● **DATASET EXTRACT**
<<<<
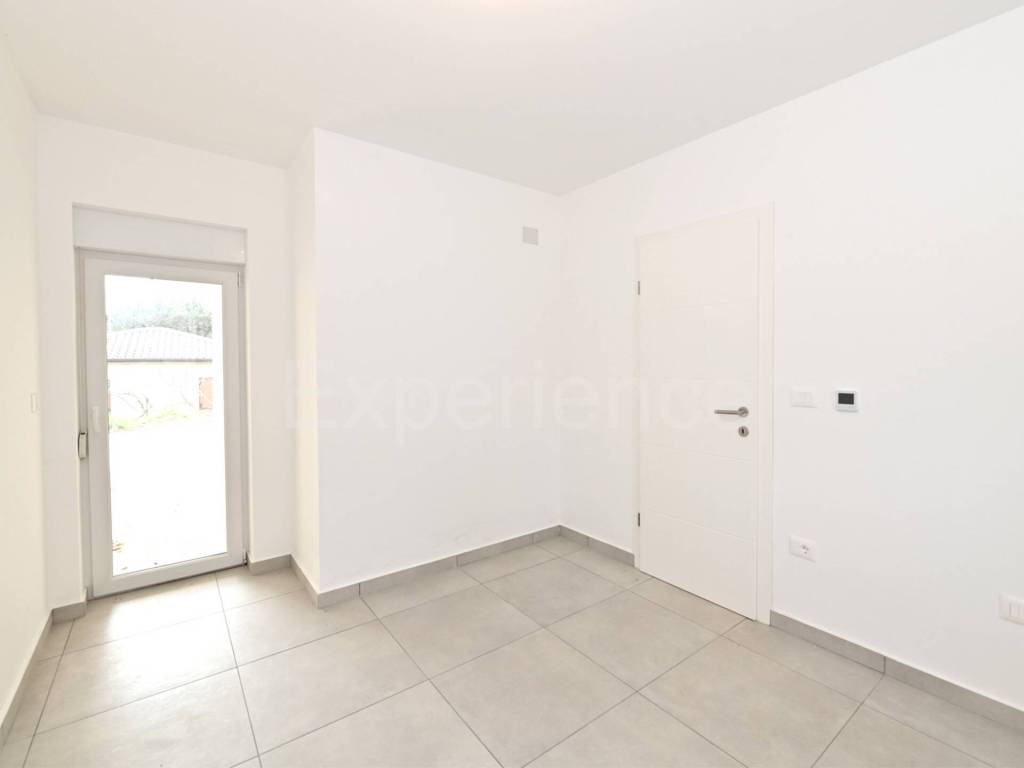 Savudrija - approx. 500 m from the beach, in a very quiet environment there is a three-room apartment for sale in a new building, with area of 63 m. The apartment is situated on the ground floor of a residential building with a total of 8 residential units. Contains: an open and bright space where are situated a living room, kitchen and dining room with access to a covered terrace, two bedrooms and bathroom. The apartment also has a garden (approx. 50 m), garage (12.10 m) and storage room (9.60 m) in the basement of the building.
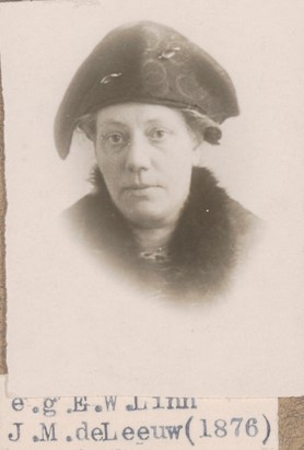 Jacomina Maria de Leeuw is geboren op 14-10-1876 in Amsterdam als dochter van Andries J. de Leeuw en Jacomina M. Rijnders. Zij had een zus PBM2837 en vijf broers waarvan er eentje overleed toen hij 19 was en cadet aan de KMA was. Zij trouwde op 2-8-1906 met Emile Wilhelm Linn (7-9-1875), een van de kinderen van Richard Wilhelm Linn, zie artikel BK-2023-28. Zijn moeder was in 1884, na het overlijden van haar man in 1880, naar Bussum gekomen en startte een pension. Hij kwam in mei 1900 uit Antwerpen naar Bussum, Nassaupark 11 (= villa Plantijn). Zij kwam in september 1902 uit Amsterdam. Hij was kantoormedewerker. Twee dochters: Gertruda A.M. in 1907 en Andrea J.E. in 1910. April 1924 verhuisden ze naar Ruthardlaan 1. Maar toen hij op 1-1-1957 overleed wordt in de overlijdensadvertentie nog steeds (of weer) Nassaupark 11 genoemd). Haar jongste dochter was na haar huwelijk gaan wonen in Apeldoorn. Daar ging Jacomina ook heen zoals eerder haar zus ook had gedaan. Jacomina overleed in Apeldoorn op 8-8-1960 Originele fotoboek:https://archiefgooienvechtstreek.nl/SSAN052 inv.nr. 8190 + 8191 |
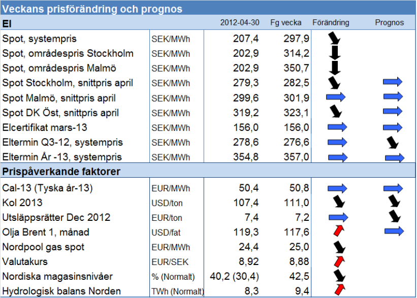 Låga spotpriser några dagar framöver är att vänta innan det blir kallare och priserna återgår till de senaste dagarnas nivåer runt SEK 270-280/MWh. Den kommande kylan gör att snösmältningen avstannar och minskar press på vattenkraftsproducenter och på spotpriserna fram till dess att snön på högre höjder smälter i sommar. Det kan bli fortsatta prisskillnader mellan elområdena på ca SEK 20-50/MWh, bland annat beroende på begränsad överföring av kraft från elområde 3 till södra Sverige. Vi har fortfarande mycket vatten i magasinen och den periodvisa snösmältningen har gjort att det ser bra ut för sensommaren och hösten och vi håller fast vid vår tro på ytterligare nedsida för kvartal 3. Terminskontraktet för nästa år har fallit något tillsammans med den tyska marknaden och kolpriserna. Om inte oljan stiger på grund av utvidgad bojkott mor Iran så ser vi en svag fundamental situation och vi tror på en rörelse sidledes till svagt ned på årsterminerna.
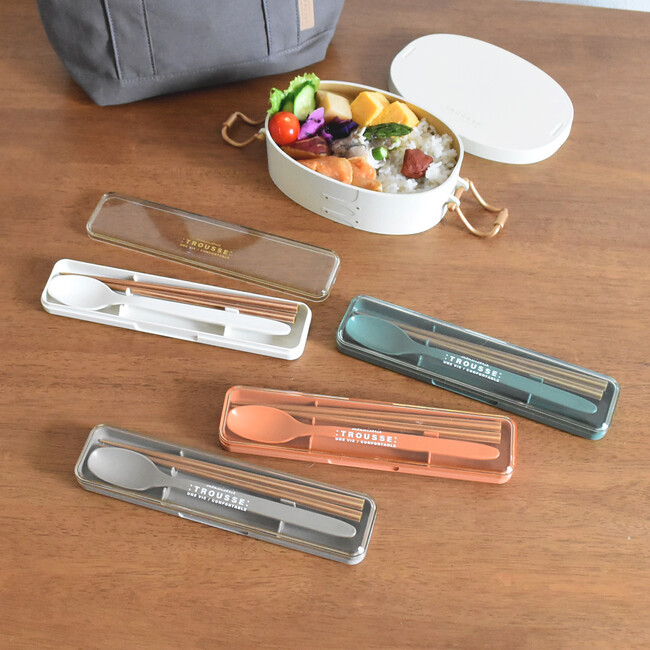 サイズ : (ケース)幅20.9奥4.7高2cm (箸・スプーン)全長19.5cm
>>>>
Reproduce the data above in full, exactly, with the images removed.

 Savudrija - approx. 500 m from the beach, in a very quiet environment there is a three-room apartment for sale in a new building, with area of 63 m. The apartment is situated on the ground floor of a residential building with a total of 8 residential units. Contains: an open and bright space where are situated a living room, kitchen and dining room with access to a covered terrace, two bedrooms and bathroom. The apartment also has a garden (approx. 50 m), garage (12.10 m) and storage room (9.60 m) in the basement of the building.
 Jacomina Maria de Leeuw is geboren op 14-10-1876 in Amsterdam als dochter van Andries J. de Leeuw en Jacomina M. Rijnders. Zij had een zus PBM2837 en vijf broers waarvan er eentje overleed toen hij 19 was en cadet aan de KMA was. Zij trouwde op 2-8-1906 met Emile Wilhelm Linn (7-9-1875), een van de kinderen van Richard Wilhelm Linn, zie artikel BK-2023-28. Zijn moeder was in 1884, na het overlijden van haar man in 1880, naar Bussum gekomen en startte een pension. Hij kwam in mei 1900 uit Antwerpen naar Bussum, Nassaupark 11 (= villa Plantijn). Zij kwam in september 1902 uit Amsterdam. Hij was kantoormedewerker. Twee dochters: Gertruda A.M. in 1907 en Andrea J.E. in 1910. April 1924 verhuisden ze naar Ruthardlaan 1. Maar toen hij op 1-1-1957 overleed wordt in de overlijdensadvertentie nog steeds (of weer) Nassaupark 11 genoemd). Haar jongste dochter was na haar huwelijk gaan wonen in Apeldoorn. Daar ging Jacomina ook heen zoals eerder haar zus ook had gedaan. Jacomina overleed in Apeldoorn op 8-8-1960 Originele fotoboek:https://archiefgooienvechtstreek.nl/SSAN052 inv.nr. 8190 + 8191 |
 Låga spotpriser några dagar framöver är att vänta innan det blir kallare och priserna återgår till de senaste dagarnas nivåer runt SEK 270-280/MWh. Den kommande kylan gör att snösmältningen avstannar och minskar press på vattenkraftsproducenter och på spotpriserna fram till dess att snön på högre höjder smälter i sommar. Det kan bli fortsatta prisskillnader mellan elområdena på ca SEK 20-50/MWh, bland annat beroende på begränsad överföring av kraft från elområde 3 till södra Sverige. Vi har fortfarande mycket vatten i magasinen och den periodvisa snösmältningen har gjort att det ser bra ut för sensommaren och hösten och vi håller fast vid vår tro på ytterligare nedsida för kvartal 3. Terminskontraktet för nästa år har fallit något tillsammans med den tyska marknaden och kolpriserna. Om inte oljan stiger på grund av utvidgad bojkott mor Iran så ser vi en svag fundamental situation och vi tror på en rörelse sidledes till svagt ned på årsterminerna.
 サイズ : (ケース)幅20.9奥4.7高2cm (箸・スプーン)全長19.5cm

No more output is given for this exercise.